He spent the late 60s playing awkward, neurotic New Yorkers that Robert Altman seemed to collect. Bob & Carol & Ted & Alice (1969) got him an Oscar nomination, but it was Altman's M*A*S*H (1970) that put him on Time magazine's cover. He played Trapper John McIntyre as a loose, anti-authoritarian wiseguy in an anti-war satire that Hollywood desperately wanted to make but didn't quite know how. Time called him "a star for an uptight age," which was more accurate than most cover lines.
The early 70s peak didn't last. Drug issues and a string of commercial flops bottomed him out fast enough that the studio reportedly required a psychiatric evaluation before casting him in The Long Goodbye (1973). He staged two significant comebacks: a recurring role on Friends as Monica and Ross's dad (20 episodes across the run), then the Ocean's franchise through four films from 2001 to 2018. Most of his contemporaries faded out.

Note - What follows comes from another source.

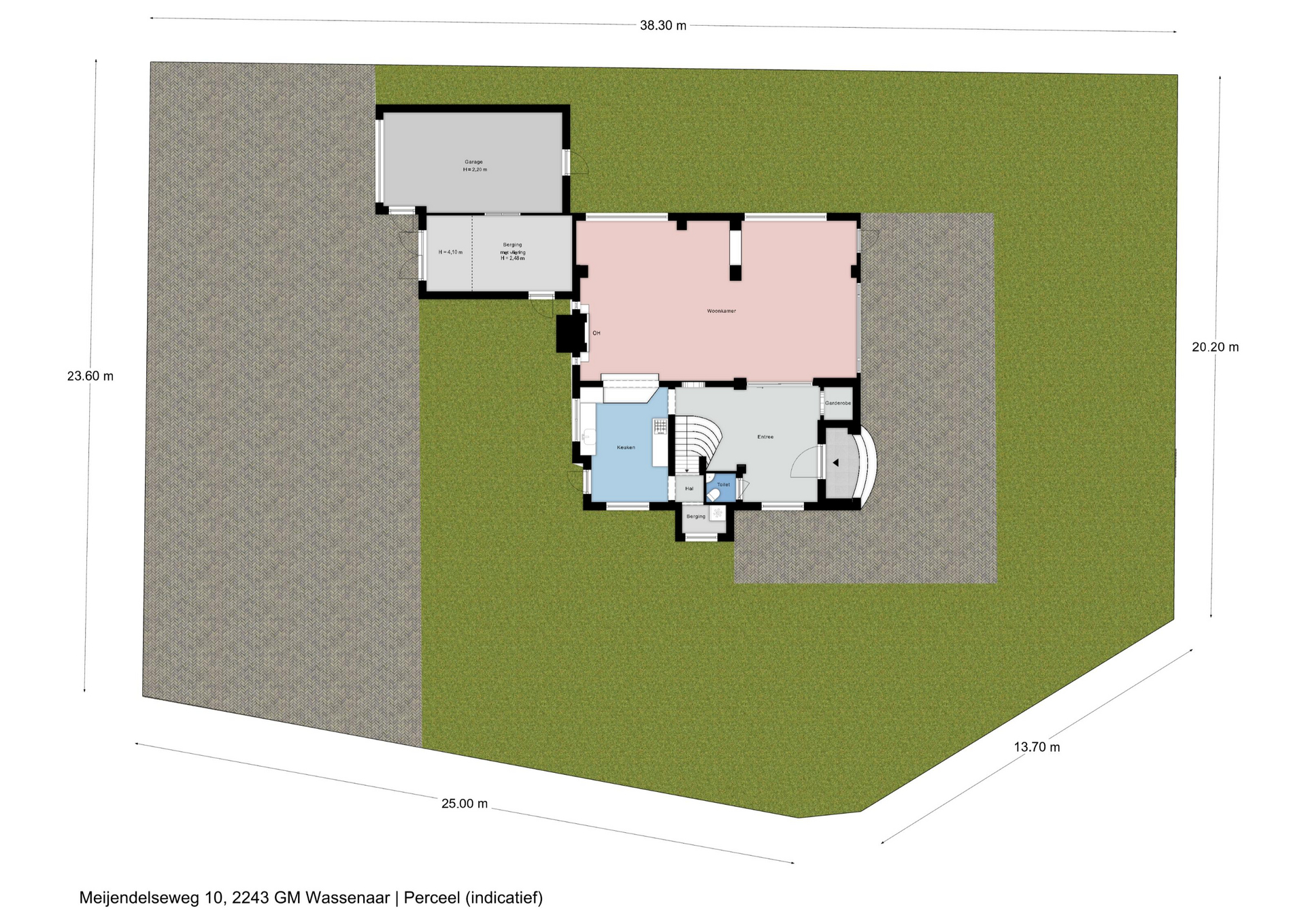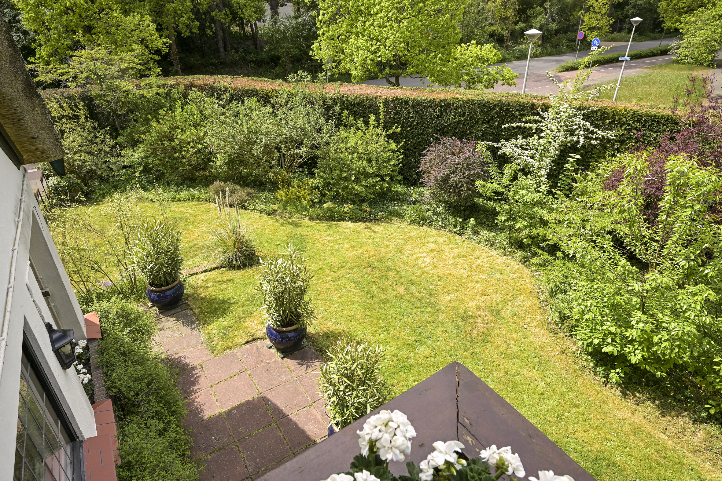 De tuin ligt half rondom de woning en is vrij gelegen en dus heel zonnig. Naast de oorspronkelijke garage die ooit verbonden was met de eetkamer en dus eenvoudig bij het huis zou kunnen worden getrokken is een nieuwere grote garage op het perceel aangebouwd die voor vele doeleinden geschikt is. Deze laatste heeft een automatische kanteldeur en heeft een doorloop naar de achtertuin.

He kept finding new rooms.
Born Elliott Goldstein in Brooklyn, he met Barbra Streisand during rehearsals for I Can Get It for You Wholesale in 1962. He had the lead. She had a minor role as a secretary and stole the show. They married secretly at a Carson City justice of the peace in 1963, and as her career exploded and his stalled, he reportedly resented being known as "Mr. Streisand." He later described the marriage as "a bath of lava." They divorced in 1971 but, by his own account, stayed genuinely close.